The timing was perfect for Sonnen's antagonistic approach. Silva was coming off an infuriating performance against Damien Maia in Abu Dhabi that had many fans calling for his head. With his self-assured bluster Sonnen was able to tap into this outrage and get the Silva haters to rally around him as their knight in red white and blue TapOut logo adorned armor. For their part, Silva's legion of devotees were outraged by what they perceived as Sonnen's arrogant disrespect of the greatest fighter who ever lived.
The common denominator with both groups of fans? Sonnen gave them each a simple, easily digestible reason to care what happened when he and Silva finally got their hands on each another inside the Octagon.
As a result the fight ended up doing well above average numbers on pay per view, with the final tally coming in around 600,000 buys. When both men finally met in a rematch two years later it drew a monstrous 925,000 PPV buys thanks to the combination of the epic nature of their first meeting and great promos from both Sonnen and Silva hyping up the fight.
What's more, the rivalry took Silva from being a champion whose star power wasn't commensurate with his superlative talent and cemented his place as a living legend. It also elevated Sonnen from being just another gifted, if sometimes underachieving, mid-card fighter into one of the biggest names in the sport.

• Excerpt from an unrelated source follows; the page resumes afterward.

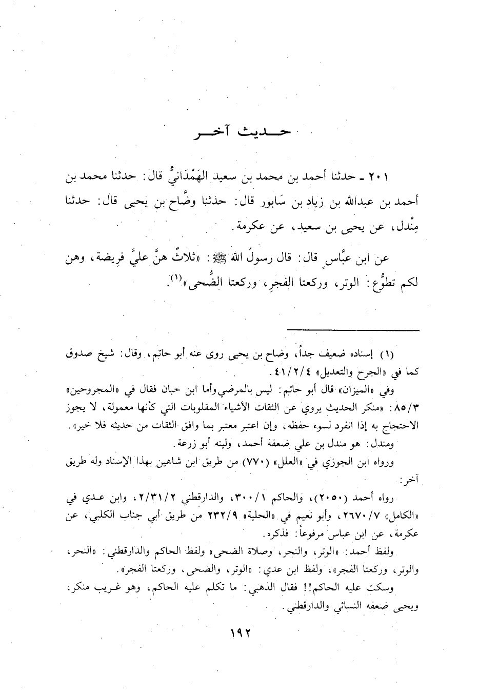 201 - حَدَّثَنَا أَحْمَدُ بْنُ مُحَمَّدِ بْنِ سَعِيدٍ الْهَمْدَانِيُّ، قَالَ: حَدَّثَنَا مُحَمَّدُ بْنُ أَحْمَدَ بْنِ عَبْدِ اللَّهِ بْنِ زِيَادِ بْنِ سَابُورَ، قَالَ: حَدَّثَنَا وَضَّاحُ بْنُ يَحْيَى، قَالَ: حَدَّثَنَا مِنْدَلٌ، عَنْ يَحْيَى بْنِ سَعِيدٍ، عَنْ عِكْرِمَةَ، عَنِ ابْنِ عَبَّاسٍ، قَالَ: قَالَ رَسُولُ اللَّهِ صَلَّى اللهُ عَلَيْهِ وَسَلَّمَ: «§ثَلَاثٌ هُنَّ عَلَيَّ فَرِيضَةٌ، وَهُنَّ لَكُمْ تَطَوَّعٌ؛ الْوَتْرُ، وَرَكْعَتَا الْفَجْرِ، وَرَكْعَتَا الضُّحَى»

None of this would have happened if Sonnen hadn't first gotten people emotionally invested in the rivalry by verbally eviscerating Silva whenever he found himself with a microphone in his face.
One would think Sonnen of all people would understand the secret to his successful promotion of the feud with Silva, but his latest verbal efforts leave some room for doubt he's truly the master promoter we all assumed he was.

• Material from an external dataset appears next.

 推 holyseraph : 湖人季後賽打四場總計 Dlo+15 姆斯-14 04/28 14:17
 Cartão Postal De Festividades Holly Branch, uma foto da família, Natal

Even if, for whatever reason, Sonnen refuses to take the easy money and make things personal with Jones, the least he could do is get fans invested in his quest to finally win the big one. Here he is challenging for a world title and Sonnen has yet to spend any serious time in interviews focusing on his desire to capture the richest prize in the sport. If Sonnen doesn't care about the belt, why should we?
What's worse, the UFC light heavyweight championship has almost seemed like an afterthought on the rare occasion Sonnen deigns to mention it. Usually the extent of his thoughts on the title consist of hackneyed catchphrases like, "I don't find title fights, title fights find me."
Lines like that may make for entertaining television - at least the first time you hear them - but ultimately the only thing they accomplish is to reinforce Sonnen's image as a blowhard self-promoter who is completely divorced from reality. Sonnen may be getting himself over as the most entertaining talker in the business, but so far he's done a a sub-par job getting fans invested in his fight with Jones.
Unless Sonnen turns up the verbal heat in the final days before Saturday, we may soon find out if amusing catch phrases alone are enough to convince people to fork over fifty bucks to see a fight.